As hackers or security enthusiasts we are always indulged in something or the other. Trying things and all possible combinations of those things… we accomplish things and get stuck at many places too…and at the end of the we are the kind of geeks who like to have fun and mean no harm. All this. All of it is what is null about. We meet. Monthly. Present what we have learned. Learn what others show. Discuss our technical problems. And have the chit chat we like to have. :D So this is what a null meet is about.
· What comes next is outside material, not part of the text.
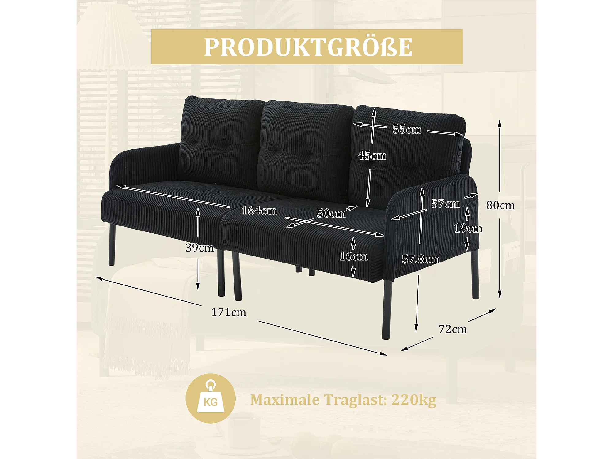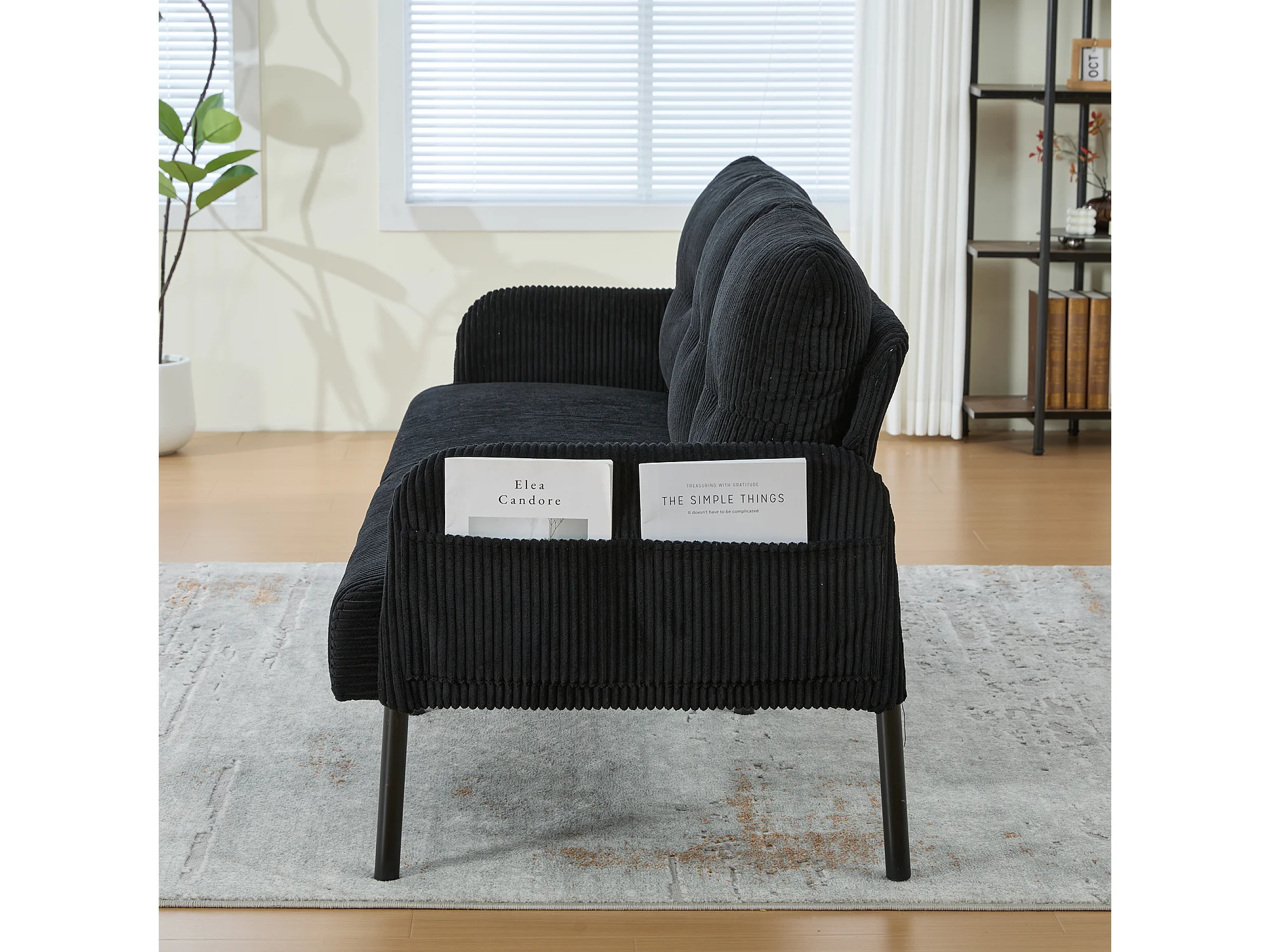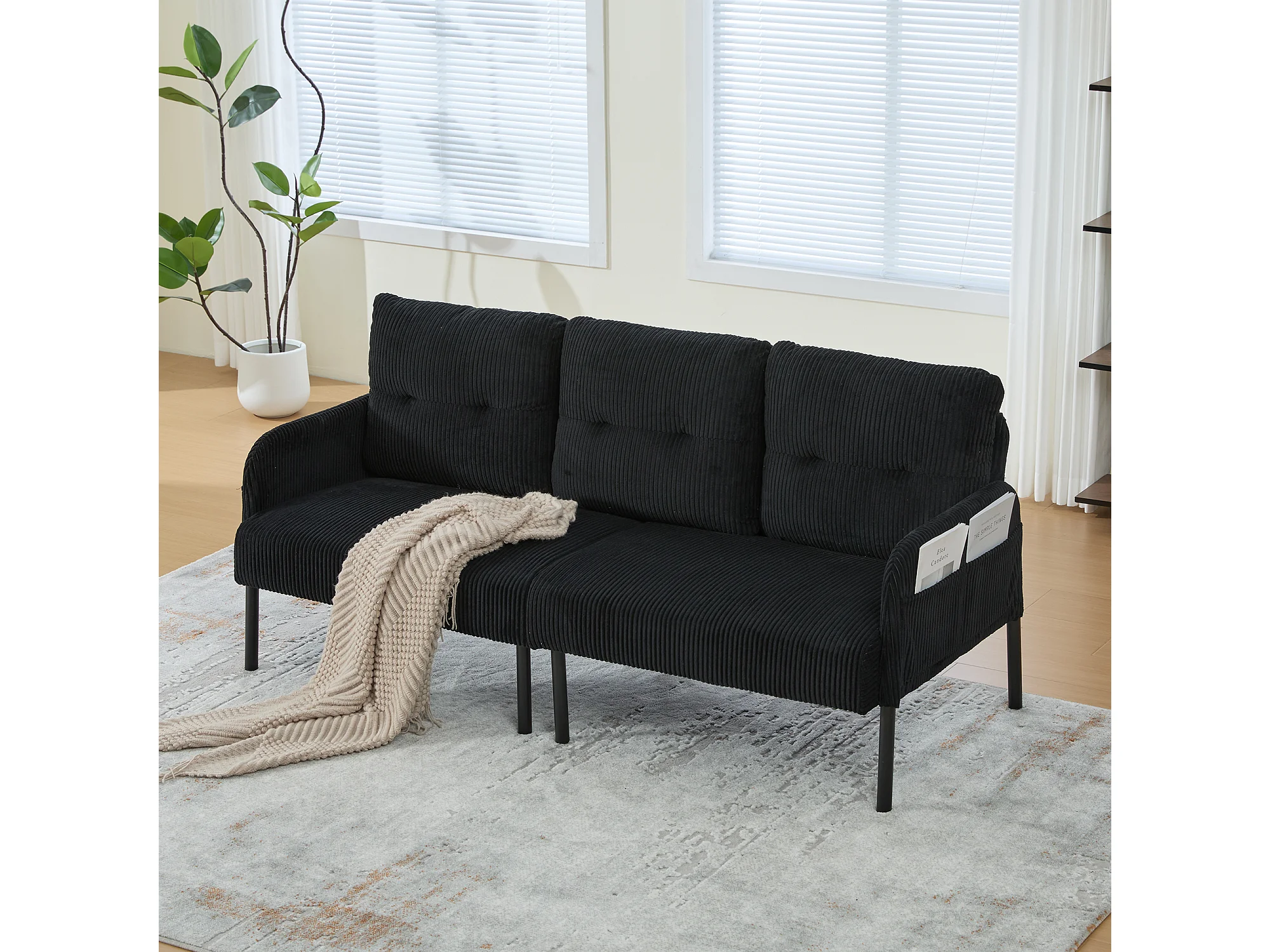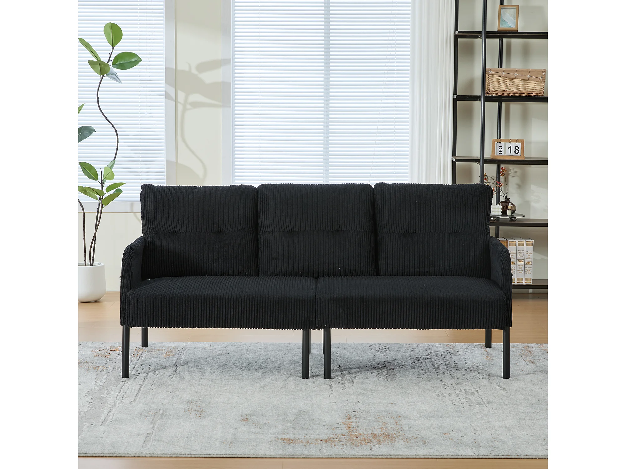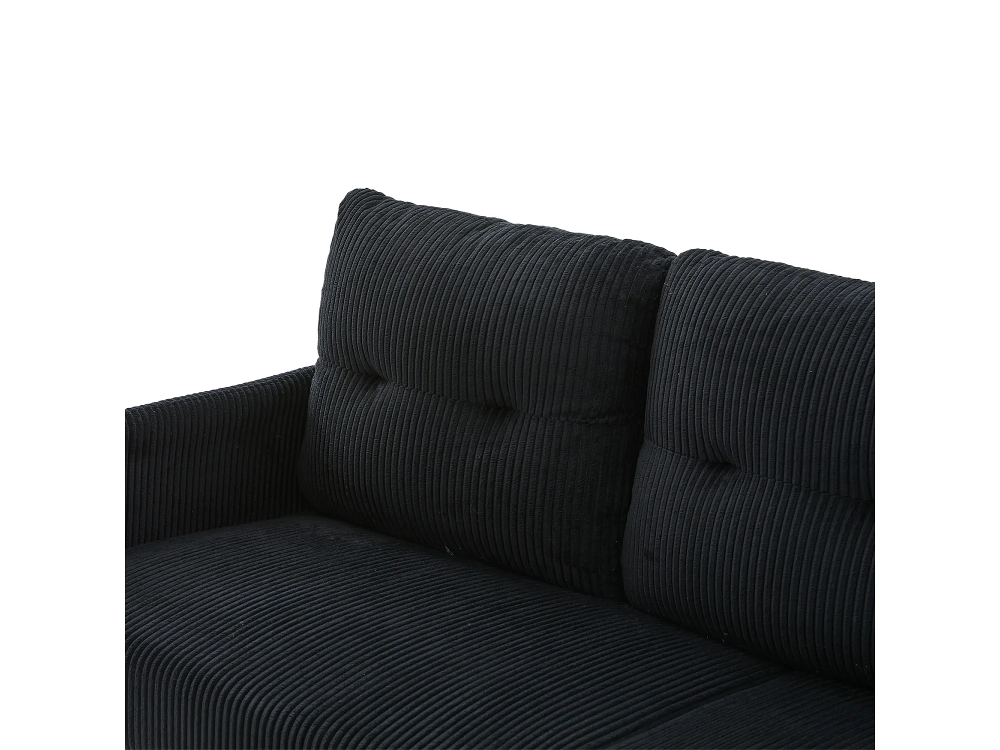 Canapé 3 places en velours côtelé noir - Pieds en métal

Coming to the humla session. “Humla” is a hindi word meaning “attack“. Or mapping it to our domain it simply means “offensive-security“. Now when u are a working in security u can specialize in any of its sub domains like web application security, reverse engineering, network security, forensics, auditing etc. And if for example I wish to try out a diff sub domain then that means I would have to dedicate some time each day and start learning from scratch. Not that we would not love to do it or can not do it.. but instead we have the concept of a “humla” session. This is basically a workshop wherein u are given a kick start in that sub domain by someone who is already an expert. He is called the “humla champion” by the way, the trainer for that day. The duration of the workshop is typically 6 to 8 hours with small breaks in between. And all of this is organized free of cost but yes their is a selection process prior to this. And that is because there is only limited space available plus since advance concepts are covered so people with atleast a little pre requisite knowledge are preferred.
Now a little about the venue. This is how you reach the building. If you are coming for the first time you might need this.
Reached till here ? Cool. Next you have to get yourself a pass made at the reception and the guard there would tell you where do you need to go. At the entrance of the section where you were guided to by the previous gurad, sits another guard who would give you a document on which particulars of your laptop are to be mentioned. *security reasons* . Hehe. And he’d further guide you to “Tlabs“. And you’d realize that you have reached the place because generally its just us in there! :D If you dont, just in case, then look for either Sandeep Bhaiya or Vaibhav Bhaiya. The honorable mods of our chapter! :) From the inside the place is really nice just as one would imagine any office.
Coming back to the topic of this post! :D This time’s session was on “linux exploitation” & our trainer or the humla champion was “mr. sohail”.(read 1337). I was really really excited. There have been a few subdomains of security I havent touched or infact touched and left them for a full fledged research to be done later. Exploit writing was one of them. I did try doing it… just read a few tutes from https://www.corelan.be/index.php/2009/07/19/exploit-writing-tutorial-part-1-stack-based-overflows/ and some stuff here and there to back it up. The stuff was really great but when I had started reading this, I did not know enough to go further. So kinda left that in between but this was the chance for me..as some one was there to spoon feed all of that to me! What better ?
Hence, I reached the venue half an hour early. :D Its just the excitement that can do this to me. Usually i am late. Serious Late. No problem. Since perhaps there was this one other guy who was, i guess, more excited than I was.. and had reached earlier to me. Cool.! Around an hour later Vaibhav Bhaiya came and told us that this session would not be conducted at the place we usually sit. It would be conducted in a room that was at the end of the place we usually are in the beginning of. But when we went there it was a conference room YAY! a conference room! I was already getting the feel. :D
Now everybody started coming in I am only going to talk about the ones I know :D So the first surprise was to see rahul gurnani sir there. He is currently pursuing his ms in information security from IIIT ahemdabad so he is generally not able to join us for all the meets. Then there was ashutosh bhaiya… sandy bhaiya came in.. and the star rishi narang sir, the most interesting guy since the last two meets came in… and there was anupam sir… aah about anupam sir.. the very first time you see him you’d feel he is the kind of strict disciplined guy you’d rather not talk to… but then you gotta look at his presentation on cloud forensics!! maahnn! That was one hilariously put together presentation. You would rather come to know about his fun loving side.! :) i can almost go on writing about each member present there… (i obviously miss shubham bhaiya the most.)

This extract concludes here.